Remarkable and renowned Amy Beach scholar and biographer Adrienne Fried Block (1921-2009) was born on March 11, 1921, in New York City. She grew up in Manhattan and attended the New York City public schools. In the 1930s, she began work on a BA at Hunter College, but left school to pursue a career as a musician. While raising two young daughters, she completed her degree in 1958 with a major in music. She earned an MA in Musicology from Hunter College 1967 and a Ph.D. from the CUNY Graduate Center in 1979. In addition to her groundbreaking scholarly work in musicology, she taught/conducted at several schools including the Dalcroze School of Music, Hunter College, and the CUNY Graduate Center, where she was an Adjunct Professor of Music and Co-Director of the research project “Music in Gotham: The New York Scene 1862-1875″ at the Graduate Center/CUNY, a documented history of music in performance. She taught, lectured and published articles on women in American music, including two prize-winning books, Women In American Music: A Bibliography of Music and Literature (with Carol Neuls-Bates) (1979) and Amy Beach, Passionate Victorian: The Life and Works of an American Composer (1998). She was awarded the Society of American Music Lifetime Achievement Award. She died on April 5, 2009, and here is her obituary. The Adrienne Fried Block Fellowship was also endowed in honor of her by the Society of American Music.

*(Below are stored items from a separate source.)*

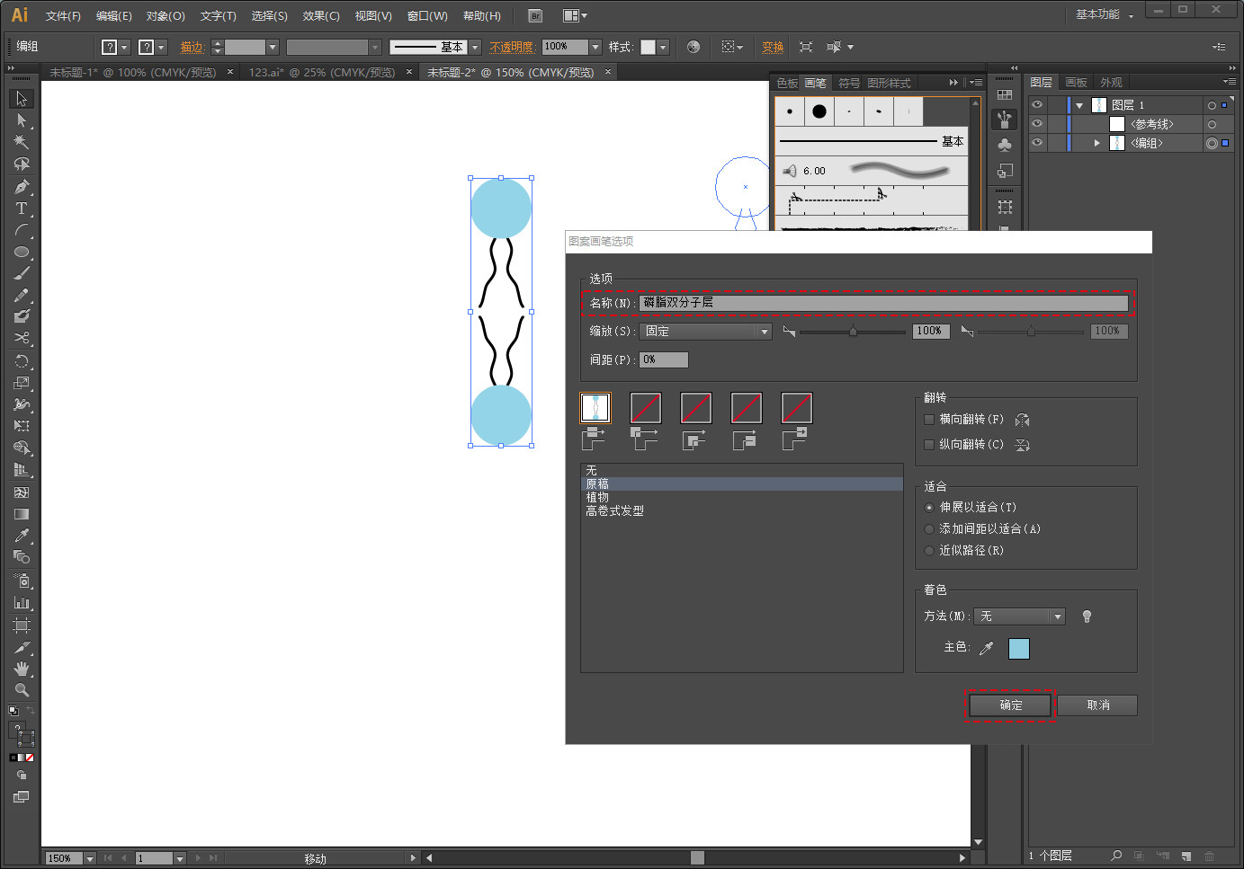 点击画笔工具里磷脂双分子层画笔,按住鼠标左键不松,把双分子层笔刷拖到椭圆的边框上,点击画笔框下 所选对象的选项 调整双分子层画笔大小。(这个椭圆不填充和描边)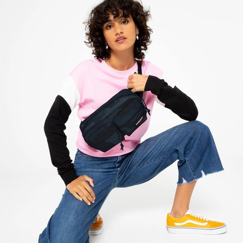 Eastpak-ov klasični model torbe je prerađen u pravougaonu siluetu sa duplim prednjim džepovima Bumbag Dobule Casual Camo. Podesite kaiš oko struka da biste je oblikovali na različite načine.
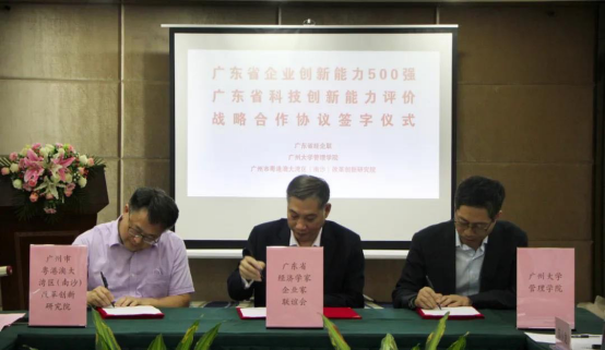 与广东省经济学家和企业家联谊会、广州市粤港澳大湾区(南沙)改革创新研究院签署达成“广东省企业创新能力500强及广东省科技创新能力评价”战略合作协议。
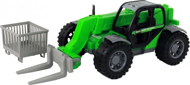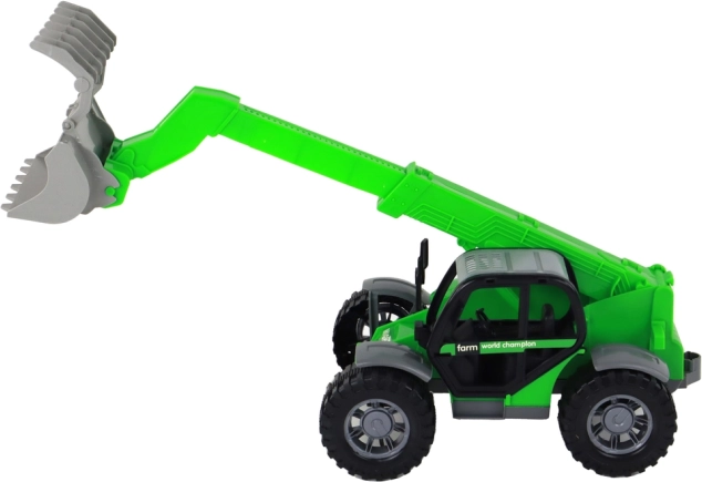 Součástí balení jsou tři snadno vyměnitelné nástavce: vidle na balíky a materiál, transportní koš a úchop na dřevo či větve. Frikční pohon umožní jednoduché uvedení do pohybu – stačí popostrčit a vyrazit. Hra se stavební a zemědělskou technikou podporuje jemnou motoriku, koordinaci i kreativní myšlení.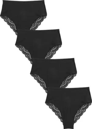 Damen Hohe Taille Hohes Bein 4 x Slips mit Spitze, hoher Beinausschnitt Schwarz 42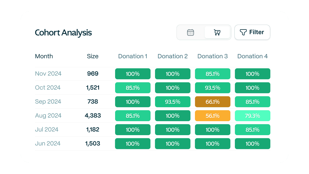 Access donor-specific insights that guide your retention, upgrade and reactivation strategies, helping you focus on what works.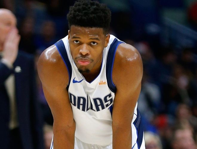 2018年圣诞大战对阵湖人,他在詹姆斯头顶完成一记势大力沉的单手隔扣,那张扣篮照片一度刷爆社交平台,所有人都以为独行侠找到了诺维茨基之后的新偶像。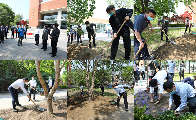 最后,在观畴园东侧花园,校领导一行拿起铁锹、花洒等工具,同园林职工一起挖坑、栽苗、培土、浇水,种植流苏树、黄丁香、绣球等植物。

Although there have been other scholars who have written books, dissertations, theses, articles, prefaces, etc. about Amy Beach’s life and music, there is no one who made contributions of greater number or quality than Dr. Block. She is also responsible, along with musicologist, E. Douglas Bomberger, for the Amy Beach Grove article, available in Oxford Music Online. However, her greatest contribution about Amy Beach is her biographical book entitled, “Amy Beach: Passionate Victorian,” which is published by Oxford University Press. During her research into Beach’s life and music, she compiled numerous clippings as well as photocopies of Beach’s music. She donated these materials to the collection dedicated to her at the University of New Hampshire Milne Special Collections – Adrienne Fried Block Papers, 1872-1960, MC 227, Milne Special Collections and Archives, University of New Hampshire Library, Durham, NH, USA.
Tributes
From Dr. Liane Curtis –
I was so privileged to know Adrienne Fried Block and to benefit from both her wisdom and also from her genuine kindness.

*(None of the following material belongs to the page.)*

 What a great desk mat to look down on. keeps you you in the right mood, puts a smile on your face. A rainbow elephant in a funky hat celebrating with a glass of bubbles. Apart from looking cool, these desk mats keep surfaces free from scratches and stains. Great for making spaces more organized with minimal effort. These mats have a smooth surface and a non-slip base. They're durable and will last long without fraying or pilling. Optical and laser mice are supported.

Like her, I had completed my dissertation on a Renaissance topic, before I got the idea to research a woman composer. In my case, it was Rebecca Clarke (1887-1979) whose life had some interesting similarities (and extreme contrasts) with Amy Beach, and who must have known each other. I needed a lot of advice in embarking on such a different subject, and Adrienne guided me on many important matters. Although Clarke was British, she wound up living in New York City the last 35 years of her long life, and her estate is held by distant relatives in Brooklyn. Adrienne, as a real New Yorker, helped me connect and negotiate with them. She helped me with resources from census documents to Probate Records. But even more importantly, she was adamant in the importance of studying Clarke. That we could “change the subject” of musicology – to make women a suitable topic for study — was a big undertaking and it was wonderful both to be mentored by her and also to come to feel a colleague with her in that enormous and significant topic.
Now as I have helped organize the Beach-Carreño conference, help maintain the Amy Beach website (www.amybeach.org), serve as President of the organization (Women’s Philharmonic Advocacy) that has produced a new edition of the “Gaelic” Symphony, and ponder Beach research of my own, I really see Adrienne as central to launching me as a professional, researcher, and activist in the world of classical music.
I draw strength and inspiration from remembering her frequently, and her beautiful book is at hand (both my battered hardback copy, as well as an eBook version) almost daily.